CHARLES SCHULZ: CHARLIE BROWN + SNOOPY?

It intrigues me that Charles Schulz was a Sagittarian born in the Year of the Dog. As I’m a Dog Year Sagittarian myself, I know what that’s like. It’s like having a split personality -- in my case, Piglet/Tigger. So I’ll guess here that Charles Schulz had two similar inner facets, which found voice in his Peanuts characters Charlie Brown and Snoopy -- largely opposing facets that gave his strip emotional and intellectual breadth and depth that it otherwise might not have had.

Charlie Brown and Snoopy

Charlie Brown is classic, quintessential Year of the Dog -- the anxious watcher and worrier, convinced of his own inferiority, well acquainted with life’s anguish, ironies, and pathos.
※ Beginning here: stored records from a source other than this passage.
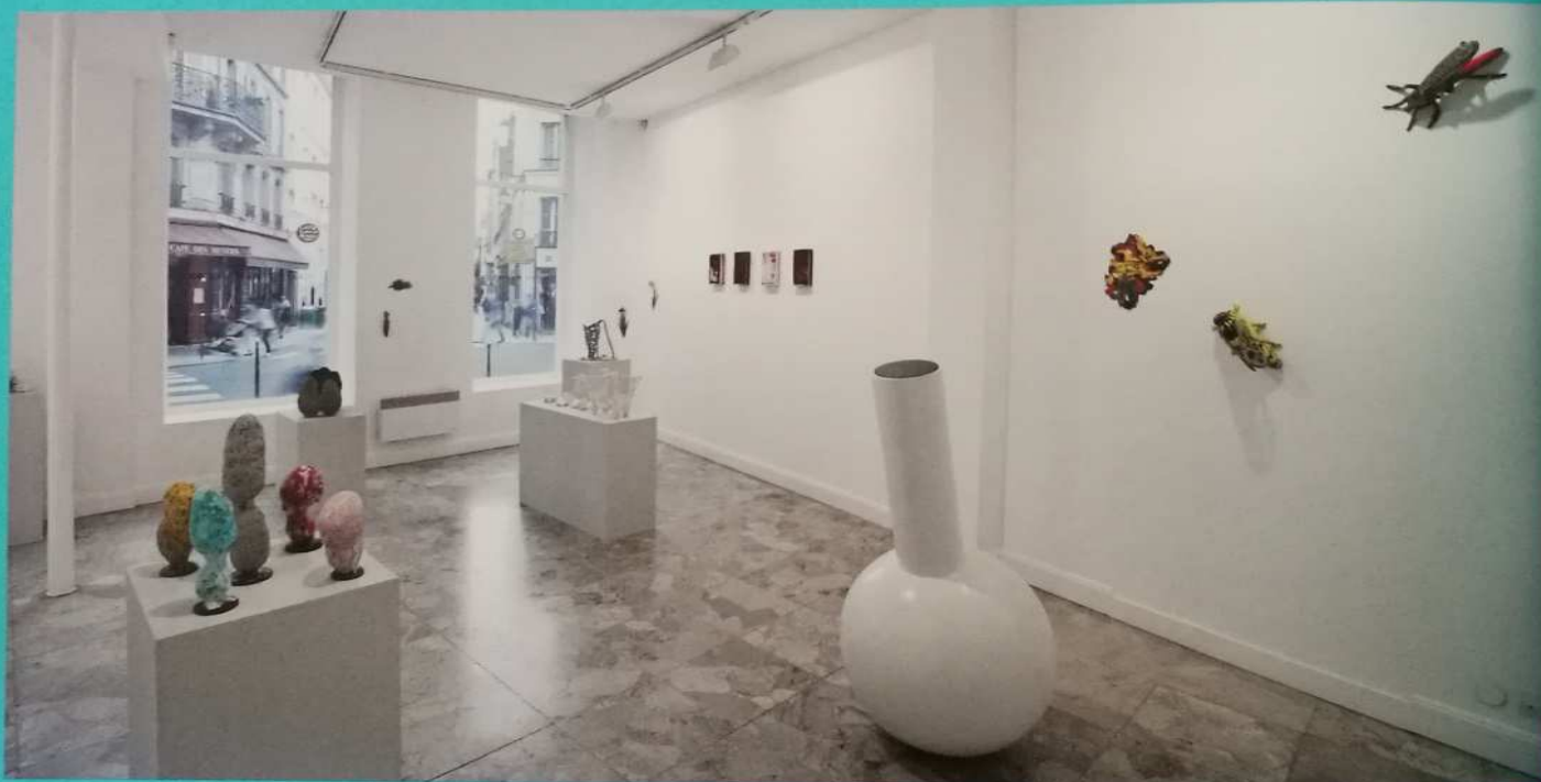
TERRES – Copenhagen Ceramics Invites – at Galerie Maria Lund, Paris 2013
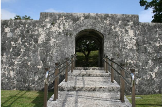
Arched Gate in the Castle Walls
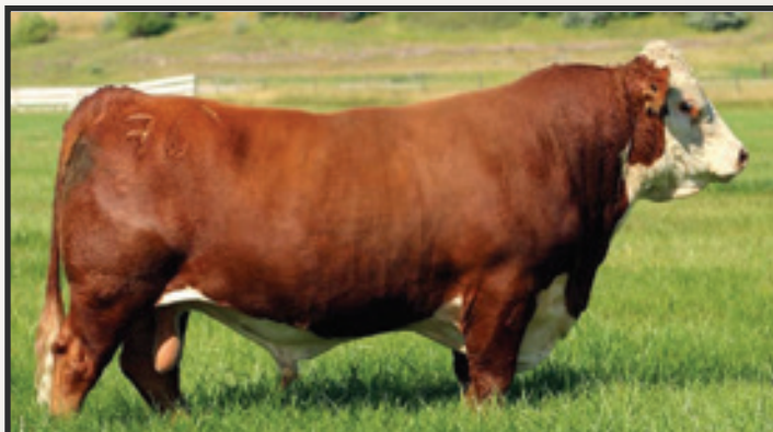
NJW 160B 028X HISTORIC 81E ET
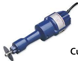
Cut Off Surgical Tube
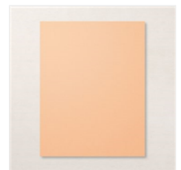
Pale Papaya 8-1/2" X 11" Cardstock - 155668
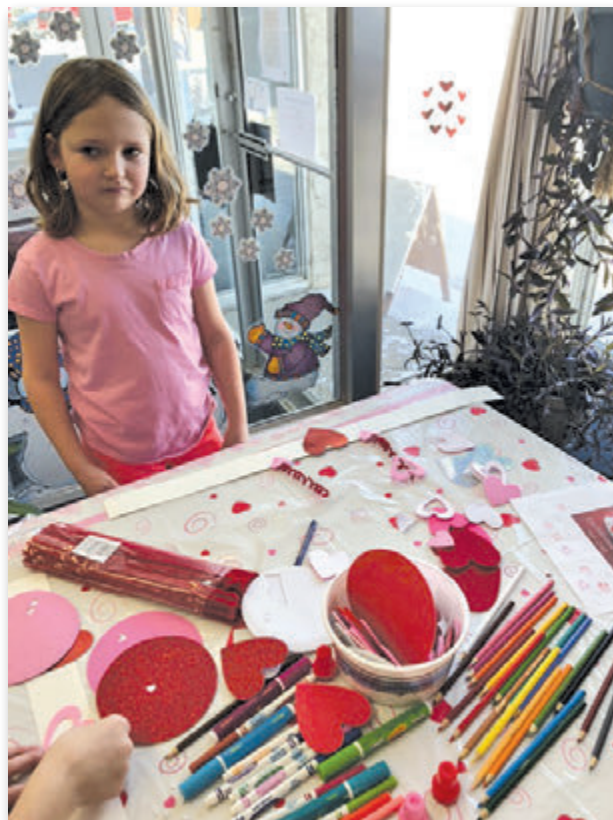
Valentine's Day headband crafts encouraged kids to be creative.

The craft was a headband with springy wiggly hearts. Also available were Valentine's Day themed colouring pages. Everyone enjoyed their afternoon.

Charlie Brown lying awake in the night, asking himself questions about the meaning of existence -- could there ever be a better illustration of what it’s like to have been born in the Year of the Dog? I doubt it. As for Snoopy…
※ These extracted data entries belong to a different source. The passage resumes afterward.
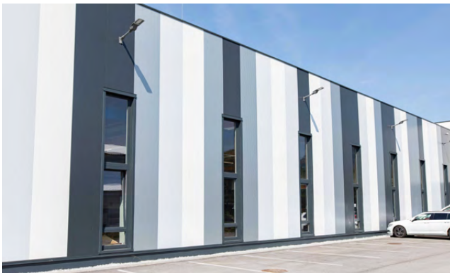
production area | BRUCHA panel façade PIR+ & fire protection
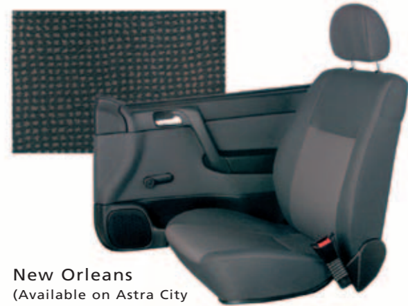
New Orleans (Available on Astra City and SXi)
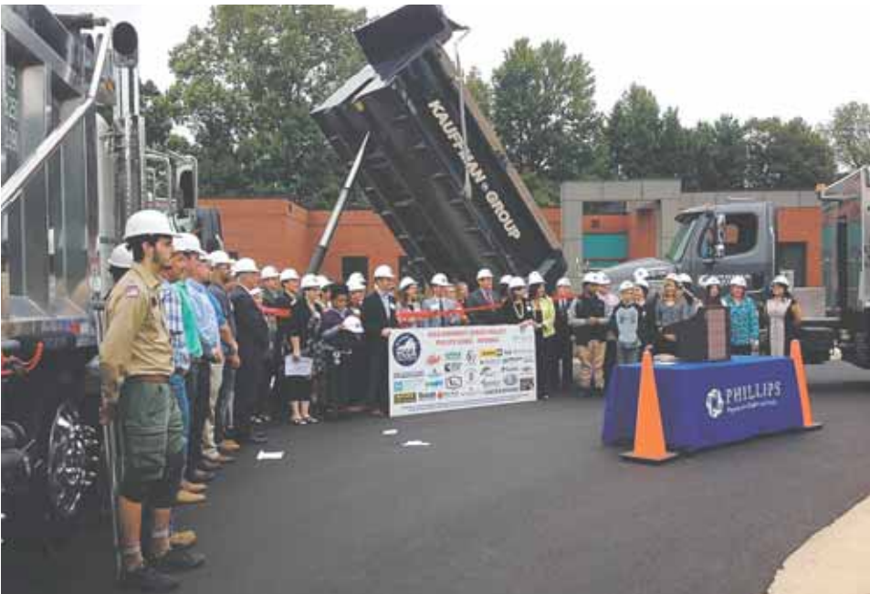
Representatives of the companies participating in the project.

milling and disposing 350 tons of asphalt from the existing driveway and bus circle; preparing the surface and paving with 350 tons of new asphalt; excavating and rebuilding ADA compliant ramps with 27 cubic yards of concrete; repainting curbs and crosswalks; and replacing 15 directional signs. A ribbon cutting ceremony was held on Monday, Sept. 26.
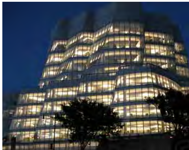
Frank Gehry's new IAC building is at the West Side Highway and 18th St., directly across from Chelsea Brewing Co.
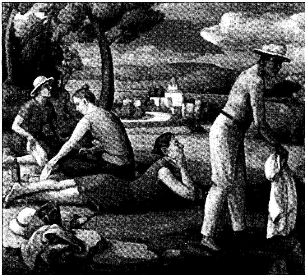
Fig. 4. Diana Dean, "Picnic Near Agnes," 60 "x 66", Oil on Canvas, 1988.

"Seven Stages of Women," 1999 (48 x 84") (Figure 1), appears to be a painting in which Dean plays most, if not all, the leading roles. The scene is one of several women of different ages at a social function. To the right of the picture, a teenage girl appears to be flirting with a man, as she begins her sexual and social development to adulthood. Behind her is a seductive woman (Dean) in a stunning coral dress, with a man in a tuxedo beside her.
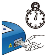
Timing the Reaction Manually
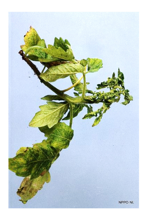
FIGURE 13 Leaf malformation on Solanum lycopersicum
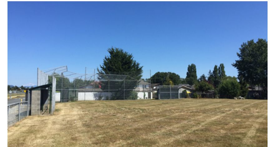
Baseball backstop and dugouts
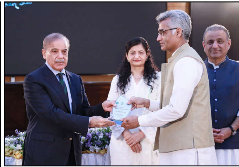
LAHORE: Prime Minister Muhammad Shehbaz Sharif distributing Awards among the high performing officers of the Federal Board of Revenue.

He made these remarks while talking to California's Lt. Governor Eleni Kounalakis during meeting in Los Angeles, California. The Ambassador said Pakistan and the United States have a longstanding cooperation in agriculture sector. Universities from the two countries are intertwined. Masood Khan said the two sides can also collaborate in IT and energy sectors. He said Pakistan is already connected with the Silicon Valley and many
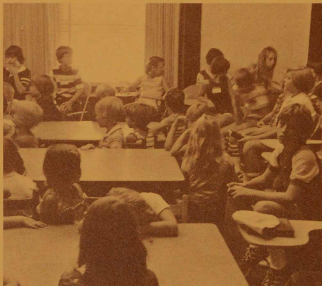
Underaged, but enjoying Covenant. Families filled many of the college facilities through the summer months.

RPC,NA (Covenanters) had their family conference the week following; and a week later, the Christian Business Men's Conference began. Earlier, nearly 700 African Methodist Episcopal guests spent a week on the Covenant campus. It was the southern-based denomination's annual Youth Congress.
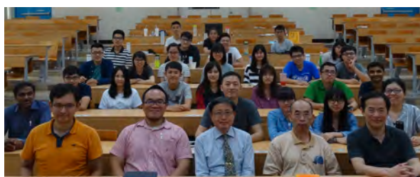
National Taiwan Normal University (國立台灣師範大學)
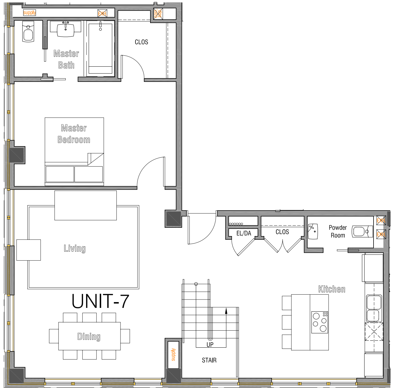
CONDO UNIT #7 - 2nd, 4th, 6th Floors
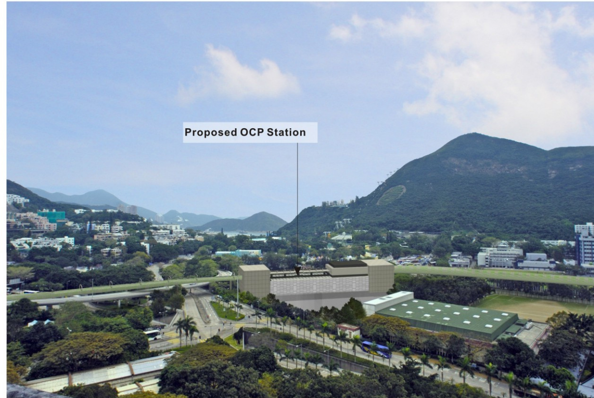
Day 1 of Operation Phase with landscape mitigation measures
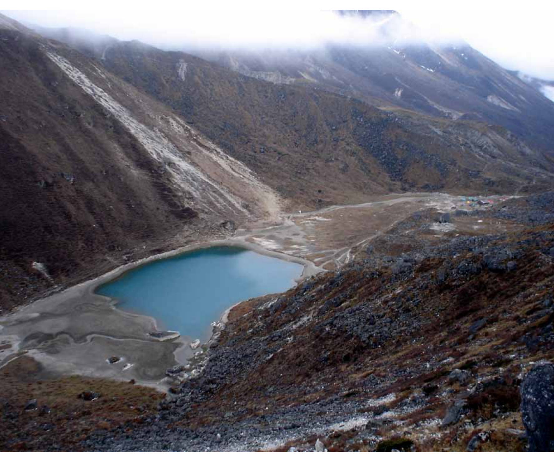
Sungmoteng Tsho (Samiti lake) in West Sikkim. Conservation of high altitude wetlands is vital to secure the services provided by the wetland ecosystem

C K Rao Independent Consultant Email:raoveni@gmail.com
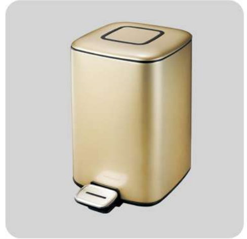
SIZE: 12L COLOR: GOLD
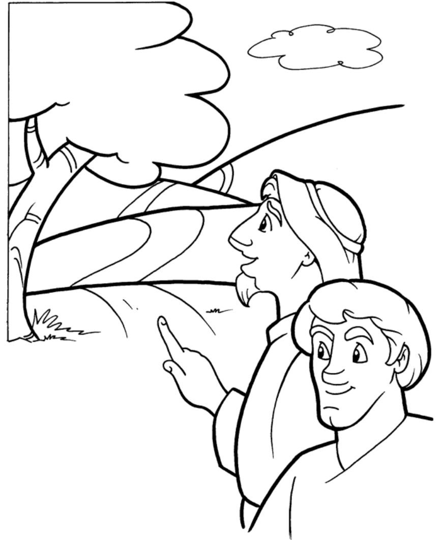
The Road to Emmaus
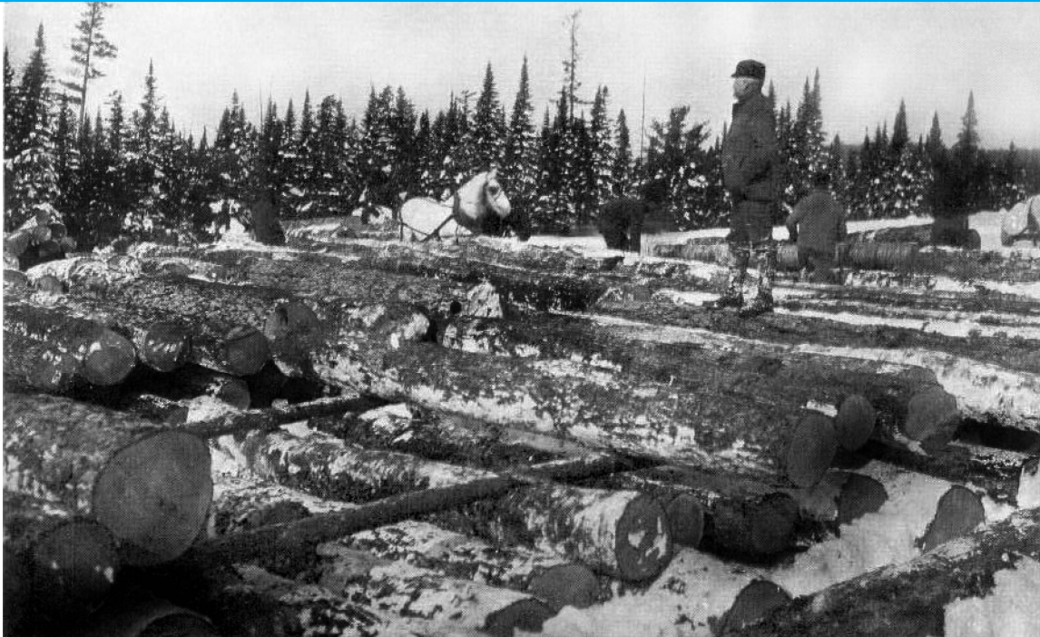
Colonel Fox at Cornell University's College of Forestry at Axton

Snoopy is allegedly a dog. But he’s not like Year of the Dog, and not like any dog I’ve seen. As familiar as I am with dogs, I’ve never known a dancing beagle. Snoopy’s eccentric antics and heroic fantasies project the unmistakable spirit of Sagittarius: The sun is up, birds are singing, and we’re off on a great adventure -- it’s a happy day. Simple, carefree. Lots of laughs.

Although Sagittarius and Year of the Dog are in most ways opposite to each other, they have a couple of points in common, both (not surprisingly, I believe) found in abundance in Charles Schulz’s comic strip. The first of these is a nutty, sarcastic sense of humor.
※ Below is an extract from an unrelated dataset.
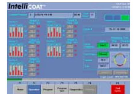
PLC controlled heating
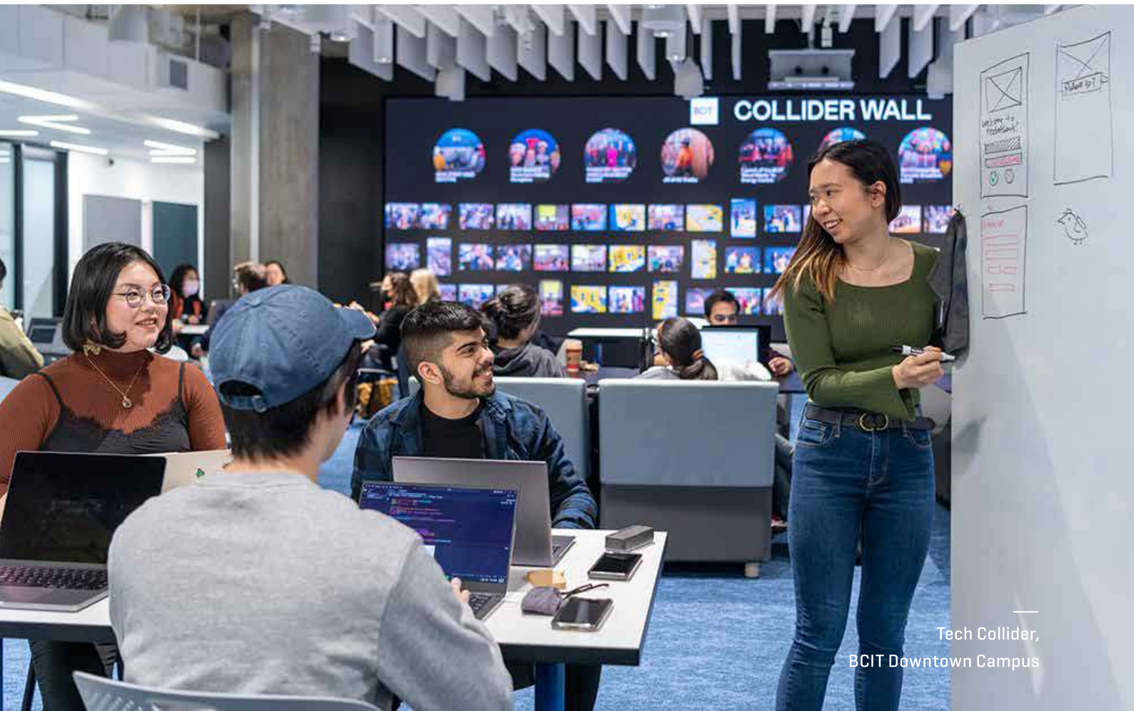
Tech Collider, BCIT Downtown Campus

Visit bcit.ca/studyabroad to learn more.

Charlie Brown and Snoopy Charlie Brown and Snoopy Charlie Brown and Snoopy

The second point in common is a love of action: baseball, football, hockey…

Charlie Brown and Snoopy

…tennis, kite flying…

Charlie Brown and Snoopy

…and various other kinds of action.

Charlie Brown and Snoopy

Peanuts cartoons often remind me of Zen paintings. One could lecture about their Zen-like economy of line. When Charles Schulz had a story to tell, he didn’t seem to fuss about; he seemingly just wrote it and drew it and there it was. And there it is and always will be. How did he do it? How did he think of all that? How did he create so much? I wish I knew.

There is a third Peanuts character I’ll mention, in part because she’s my favorite of Charles Schulz’s creations and in part because she, like her creator and unlike any other Peanuts character, consists of a blend of Year of the Dog and Sagittarius in one complex, contradictory package: Peppermint Patty. I suspect that she’s her creator in disguise. I couldn’t prove that. But I suspect it.

Charlie Brown and Snoopy

Peppermint Patty, in her own sad-and-funny way, demonstrates that the deepest humor contains both happiness and sadness, both comedy and tragedy. The greatest philosophers, humorists, and clowns have recognized that truth. The comic characters and situations Charles Schulz wrote and drew in Peanuts go far beyond the shallow-gag humor found in most comic strips. They deal with what life is about, both pleasant and unpleasant, for all of us. And they go surprisingly deep -- not just deep-for-a-comic-strip, but deep.

Charlie Brown and Snoopy

Like the movies of the 1930s and 1940s, which helped Americans deal with the grim realities of the Great Depression and World War II -- and unlike today’s movies that more often than not make us more stressed, frightened, and depressed than we already were -- the Peanuts episodes make us feel good. I don’t think it would be overreaching to call them mass psychotherapy. Whatever familiar-to-our-experience problem the characters are confronted with, they help us laugh about it. Laughter can be very powerful healing and strengthening medicine. And healing, strengthening laughter is just the sort that Charles Schulz gave us. It was a great gift.